I took it from the summary of the report taken from the Telegraph article I cited at the beginning (without reading what I think is the source material until now).

Hmm. That's possibly a bit embarrassing.

So are we arguing about nothing then?

Mr Rob said...

From the report summary:

"White British pupils with GCSE results around or below the national median are less likely to go on to higher education than
those from minority ethnic groups."

No idea how they arrived at that from the data on educational attainment, ethnicity and religion, or whether their findings were statistically significant. The wording is also not quite the same as the Telegraph's "average" British children, is it? If true, it could be down to a range of factors, not least family support and encouragement in this age of student debt, but speculation is futile.

They also report this:

"However, nearly all minority ethnic groups are less likely to be in paid work than White British men and women."
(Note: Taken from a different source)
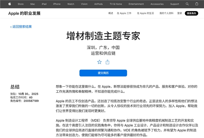 近日,苹果公司正在招聘增材制造(3D打印)领域专家,此前同一职位曾于年初2月5日开放过。该岗位主要负责开发与优化金属增材制造工艺,利用3D打印系统及粉末冶金等技术,支持合金开发与产品设计,并推动从概念到量产的转化。

I find that really counter-intuitive, especially re as you mentioned, those of Indian and Chinese descent. I suppose if they were trying they could have lumped men and women together, to handicap a group with an tradition of one parent (usually the woman) not working...who knows, but having looked at the members of the panel, yes we are probably arguing about something a bit on the ficticious side...

Good luck with your Fusion.

SaltedSlug said...

Well thanks anyway.

Considering the next topic I posted on, there is a metric tonne of irony in this.